Western science typically spins its story in a proscribed way. Another type of science, one based mostly on observation and intuition, is the subject of my next book; I discuss it some in the research of Ton Baars, at the end of this chapter. For now, we’ll look at our problematic Western science.
Typically, there’s a statement of a hypothesis or idea or question, a review of what’s been done, selection of data methods, and discussion of data (Results). Oh yes, and there’s recommendations for future research. And a requisite self-bashing on the limits of the work (why you can’t generalize form the research – like saturated fat causes a rise in cholesterol, of course maybe Twinkies would, too. Or maybe sleep deprivation, arguing with your spouse, or basking in the light of a full moon (we don’t know, unless someone has researched these questions). So, if the low-cholesterol (a sign of disease to begin with) mice, show drops in blood (serum) cholesterol when eating only lean meat, it’s interesting, but none of this really amounts to much in terms of a dietary recommendation (although many have tried).

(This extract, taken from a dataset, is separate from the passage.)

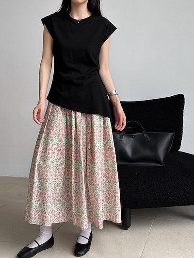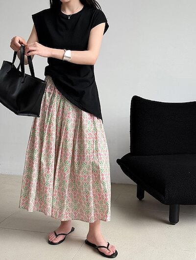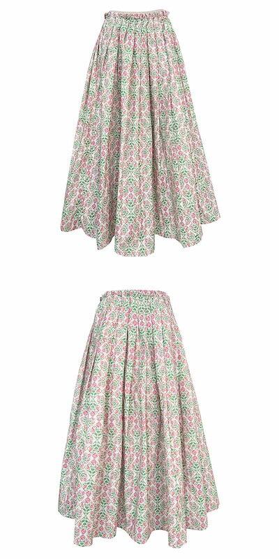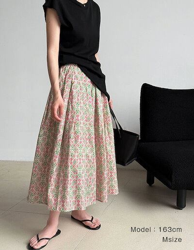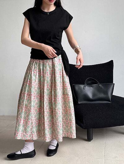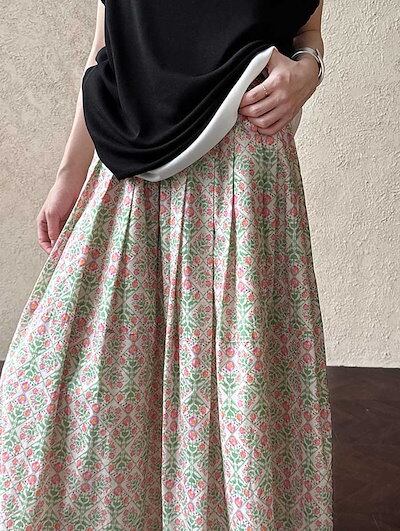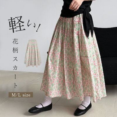 スカート フレア ロング レディース ウエストゴム 花柄 フラワープリント タック ロングスカート フレアスカート 綿100% カジュアル ナチュラル ゆったり コットン 体型カバー 夏 秋 大き
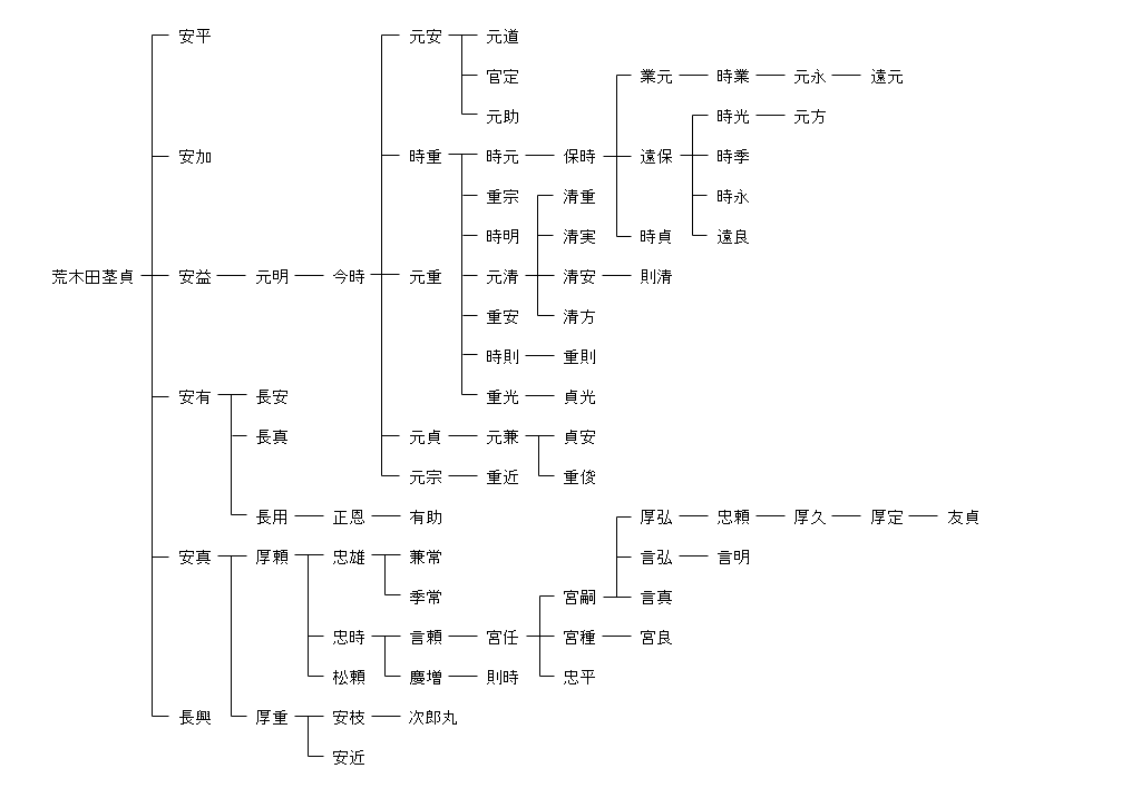 荒木田最上 ― 荒木田田長 ― 荒木田男公 ― 荒木田茎貞

One reason for this is that many elements of bias can be introduced at any point along the way – scientists are supposed to account for these in their work. More importantly, selection of the research question itself is hardly unbiased. One easily-recognizable and flagrant type of bias is what’s known as “cherry-picking.” Cherry-picking is the purposeful selection of certain data to prove one’s hypothesis, and ignore the data that do not.
Here’s a hypothetical example: Study on the effects of fast food on weight. I put together my research design and gather data (with the help of high school students), using a simple research method (systematic random sampling). In this study, every sixth person is asked about his or her weight at a Mac Donald’s for a study linking weight and number of visits to MacDonald’s each week. A positive correlation is expected (more visits, more weight), but what if that’s not what you get? You start throwing out some data that don’t make sense or don’t fit – that’s cherry picking.